Lompat ke konten Lompat ke sidebar Lompat ke footer

Apa yang Mendorong Ekosistem menuju Ketidakstabilan?

Peneliti MIT mempelajari ekosistem hingga 48 spesies bakteri dan menemukan bagaimana komunitas berubah dari keadaan stabil ke keadaan tidak stabil. Kredit: William Lopes, Gore Lab

Mencoba menguraikan semua faktor yang memengaruhi perilaku komunitas ekologis yang kompleks bisa menjadi tugas yang menakutkan. Namun, peneliti MIT kini telah menunjukkan bahwa perilaku ekosistem ini dapat diprediksi hanya berdasarkan dua informasi: jumlah spesies dalam komunitas dan seberapa kuat mereka berinteraksi satu sama lain.

Dalam studi bakteri yang tumbuh di laboratorium, para peneliti dapat menentukan tiga keadaan komunitas ekologis, dan menghitung kondisi yang diperlukan bagi mereka untuk berpindah dari satu keadaan ke keadaan lainnya. Temuan ini memungkinkan para peneliti untuk membuat "diagram fase" untuk ekosistem , mirip dengan diagram yang digunakan fisikawan untuk menggambarkan kondisi yang mengontrol transisi air dari padat ke cair ke gas.

"Apa yang menakjubkan dan menakjubkan tentang diagram fase adalah bahwa ia merangkum banyak informasi dalam bentuk yang sangat sederhana," kata Jeff Gore, seorang profesor fisika di MIT. "Kita dapat melacak batas yang memprediksi hilangnya stabilitas dan timbulnya fluktuasi populasi ."

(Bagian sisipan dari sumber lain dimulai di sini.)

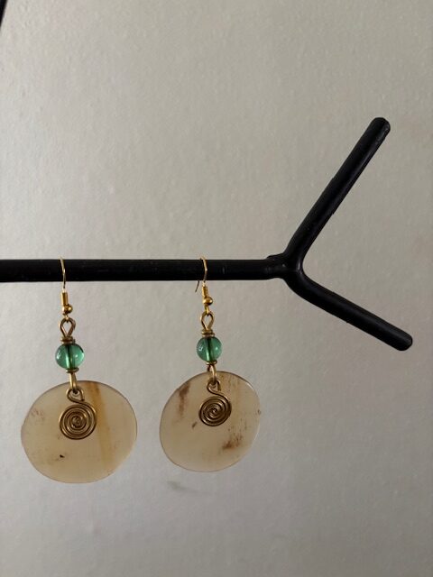 A pair of african handmade dangling transparent cowhorn round earrings finished with sap-green beads and brass artwork.

Gore adalah penulis senior studi tersebut, yang muncul hari ini di Science . Jiliang Hu, seorang mahasiswa pascasarjana MIT, adalah penulis utama makalah ini. Penulis lain termasuk Daniel Amor, mantan postdoc MIT; Matthieu Barbier, seorang peneliti di Institut Kesehatan Tanaman di Universitas Montpellier, Prancis; dan Guy Bunin, seorang profesor fisika di Institut Teknologi Israel.

Dinamika Populasi

Dinamika ekosistem alam sulit dipelajari karena meskipun para ilmuwan dapat melakukan pengamatan tentang bagaimana spesies berinteraksi satu sama lain, mereka biasanya tidak dapat melakukan eksperimen terkontrol di alam liar. Laboratorium Gore mengkhususkan diri dalam menggunakan mikroba seperti bakteri dan ragi untuk menganalisis interaksi antarspesies dengan cara yang terkendali, dengan harapan dapat mempelajari lebih lanjut tentang bagaimana ekosistem alami berperilaku.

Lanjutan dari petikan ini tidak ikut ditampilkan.